Twice weekly Leverett called to his office all involved with
the E project save E himself, conferencing with us, assuring
that any problems arising might be swiftly solved before he
could pretend he'd never known of them. Some were
Dryconians, some came as consultants or subcontractors; all
appeared to take joy from their labor only in that it served
them as license to argue. I was the sole woman; in aggregate
the group exuded that oppressive pheromonic air common
to such manly lumps, however weedy and asexual they singly
appeared. Though I spent so much time with E as any of them, none but Leverett ever inquired me regarding my
opinions; they merely noted my observations as I recounted,
smiling as if hearing an unreliable, though amiable, passerby.
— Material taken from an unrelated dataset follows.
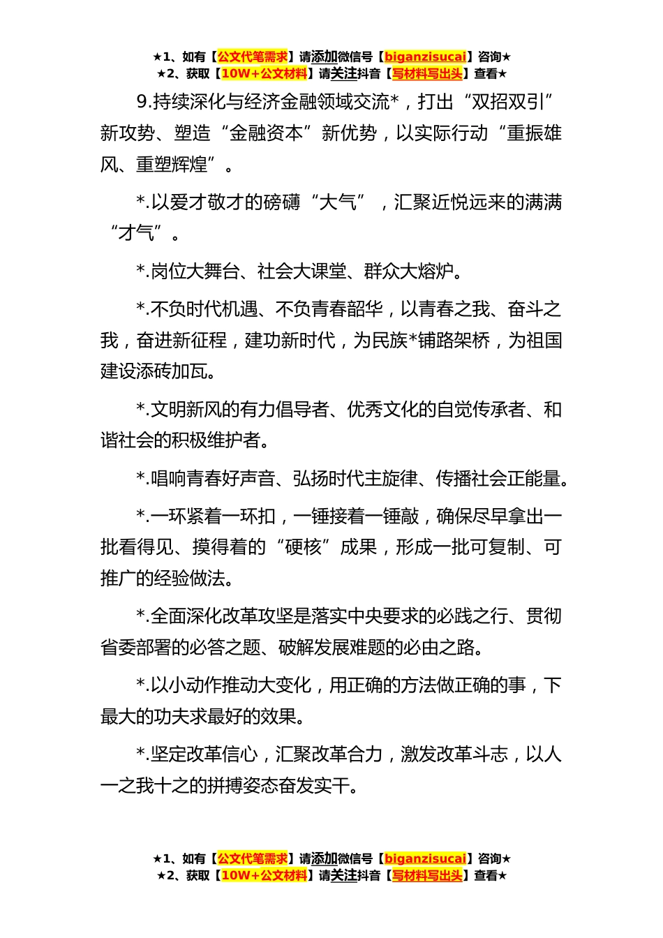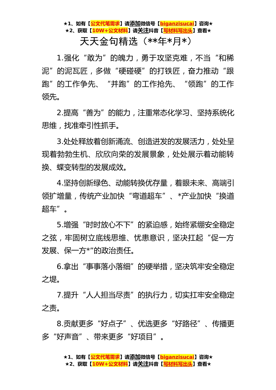 ★1、如有【公文代笔需求】请添加微信号【biganzisucai】咨询★★2、获取【10W+公文材料】请关注抖音【写材料写出头】查看★天天金句精选(**年*月*)1.强化“敢为”的魄力,勇于攻坚克难,不当“和稀泥”的泥瓦匠,多做“硬碰硬”的打铁匠,奋力推动“跟跑”的工作争先、“并跑”的工作抢先、“领跑”的工作领先。2.提高“善为”的能力,注重常态化学习、坚持系统化思维,找准牵引性抓手。3.处处释放着创新涌流、创造迸发的发展活力,处处呈现着勃勃生机、欣欣向荣的发展景象,处处展示着动能转换、蝶变转型的发展成效。4.坚持创新绿色、动能转换优存量,着眼未来、高端引领扩增量,传统产业加快“弯道超车”、*产业加快“换道超车”。5.增强“时时放心不下”的紧迫感,始终紧绷安全稳定之弦,牢固树立底线思维、...

The afternoon before I'd left E calming, if not wholly
recovered from his upset; during the following morning's
meeting I thought it essential to point my view between their
eyes to certify they saw as I saw.
"Any answer he gives is gansered," said one whose name
I constantly blanked, a sociopathologist affiliated with
Princeton. Several of the others nodded, as if they understood.
"Demetaform," I asked. "What's meant, gansered?"
"Referent to Ganser's Syndrome. Subject consistently replies to questions with approximate answers. A behaviorism
common to psychopaths. For example, when asked if he
missed his father he responded that they never had stamps
in the house."
"Understood," said Leverett. "I asked him if he wasn't
glad to be alive and he told me he couldn't say, he hadn't
been dead yet." They chuckled. "What's the point, then?"
"Nothing he tells should be entirely trusted," said the
Princeton SP. "This must at all times be considered."
"So we'll earplay his words," said Leverett. "Mother him
to quiet, father him otherwise. As you did yesterday, Isabel."
"Problem one demands immediate action," said Telford,
who taught Comparative Elvisisms at Harvard Divinity.
"What Ms. Bonney tells us facts our theories. The matter
must be confronted, otherwise project possibilities could be
nullified before he's even publicked."